Snowflake with Python, PySpark, Databricks — Enterprise Integration

🎬 Story Time — “We Need All Our Tools Talking to Each Other”

Ritika, a lead data engineer at a fast-growing SaaS company, faces an integration challenge.

Her ecosystem is huge:

Python notebooks for analysts
PySpark pipelines on Databricks
Machine learning workflows
Batch + streaming
Snowflake as the central data warehouse

The CTO declares:

“Everything must flow into Snowflake and out of Snowflake, seamlessly.”

Now Ritika must connect Python, PySpark, and Databricks in a clean, scalable architecture.

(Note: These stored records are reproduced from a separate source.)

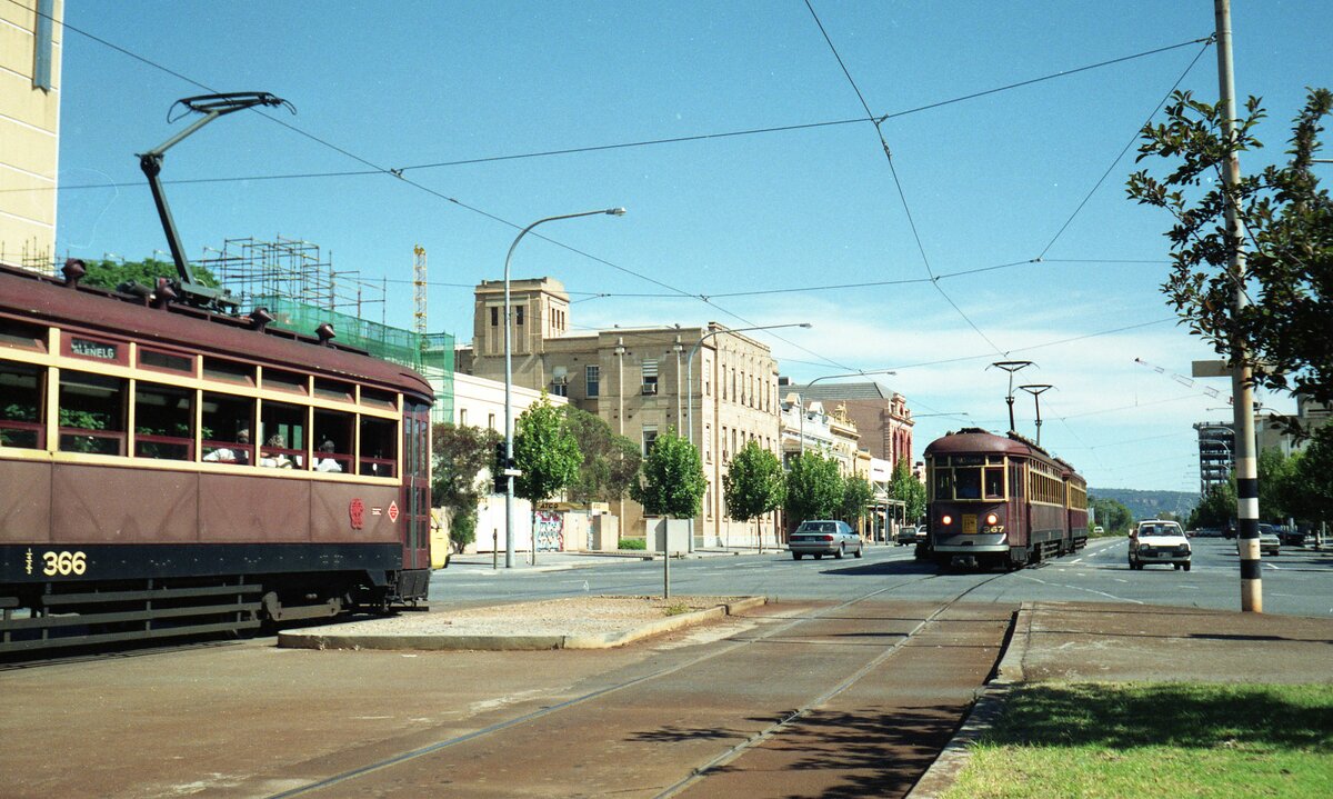 Adelaide Glenelg Tram__Tw 366 und 367 (H-class, 1929) nahe der Abfahrtstelle in Adelaide City.__07-01-1989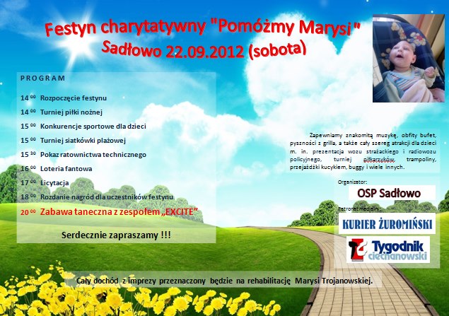 Strażacy z Sadłowa postanowili pomóc chorej Marysi. 22 września w Sadłowie odbędzie się charytatywny festyn.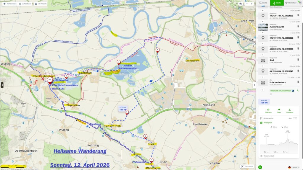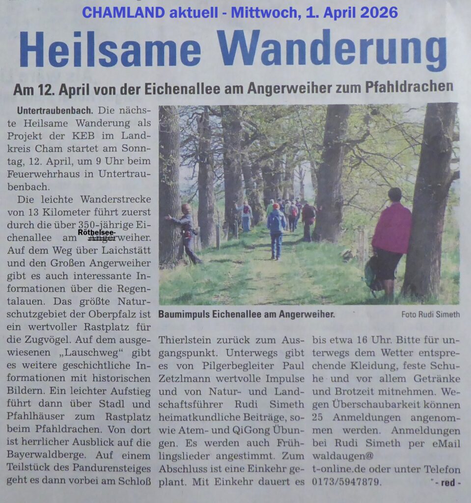 12. April unsere 2. Heilsame Wanderung: Von Untertraubenbach in die Regentalauen und zum Pfahldrachen.
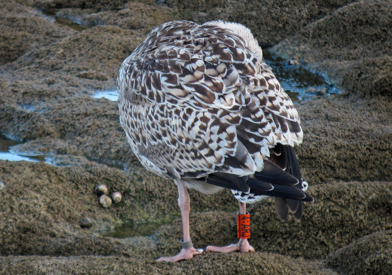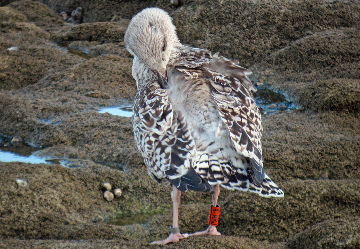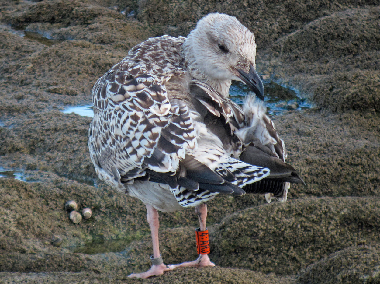 Great Black-backed Gull (Larus marinus) 4:ARJ 1CY, August 13 2014, La Turballe, France. Picture: Alain Fossé.See Alain's website please! Orange 4:ARJ, ringed as pullus on June 19 2014 at l'île d'Houat (56), France. Now at La Turballe (47°20'54.4"N 2°30'57.5"W) near Nantes. Interesting moult in scaps early in the season. And, is this bird missing some central median coverts?? US=1-25%, LS=1-25%, TOT SCAPS=1-25%. |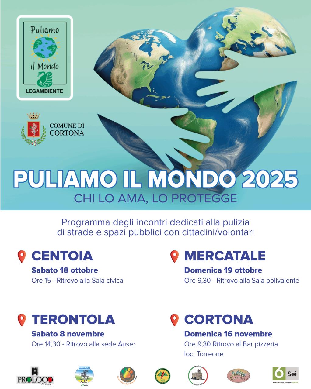 Le quattro iniziative vedono la collaborazione delle associazioni locali Proloco Cortona centro storico, Auser Terontola, Proloco Val di Pierle, Proloco Centoia, Vab Cortona ed Etruria animals defendly. A tutti coloro che decideranno di partecipare a «Puliamo il mondo» sarà consegnata la pettorina e il kit per la raccolta dei rifiuti.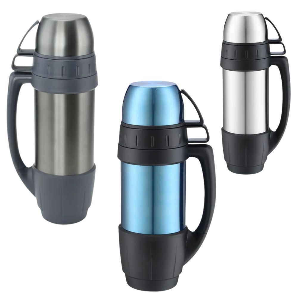 Однозначно не термокухоль! МАХ об'єм. Великий, дорожній термос VIP якість під нанесення логотипу. Напій зберігає свою температуру 48 годин. Стінки термоса не окислюються і не іржавіють. Технологічна та красива модель. Ви оціните комфорт від широкої ручки для перенесення та дивовижної кришки. Вона складається з 2 окремих чашок. Корпус Campania виготовлений з нержавіючої сталі. Між подвійними стінками вакуумний простір. Низ термоса стійкий та покритий поліпропіленовою масивною накладкою. Це захищає його у дорозі від падіння.

🧊 1. Snowflake + Python — Your Data Engineering Power Duo

Python integrates with Snowflake through:

Snowflake Connector for Python
Snowpark for Python
Pandas + Snowflake Native Connectors
Streamlit-in-Snowflake (SIS)

Ritika starts with the Python connector.

🔌 1.1 Snowflake Python Connector

Install:

pip install snowflake-connector-python

Connect:

import snowflake.connector

conn = snowflake.connector.connect(
    user='RITIKA',
    password='xxxxxxx',
    account='AB12345.ap-south-1',
    warehouse='ANALYTICS_WH',
    database='SALES_DB',
    schema='PUBLIC'
)

cursor = conn.cursor()
cursor.execute("SELECT COUNT(*) FROM ORDERS")
print(cursor.fetchone())

This powers:

ad hoc scripts
ETL micro-jobs
Python automations
Airflow & Prefect pipelines

🧠 1.2 Snowpark for Python — Server-Side Python

Ritika discovers Snowpark, allowing Python logic to run inside Snowflake compute.

Install:

pip install snowflake-snowpark-python

Example:

from snowflake.snowpark import Session

session = Session.builder.configs(connection_parameters).create()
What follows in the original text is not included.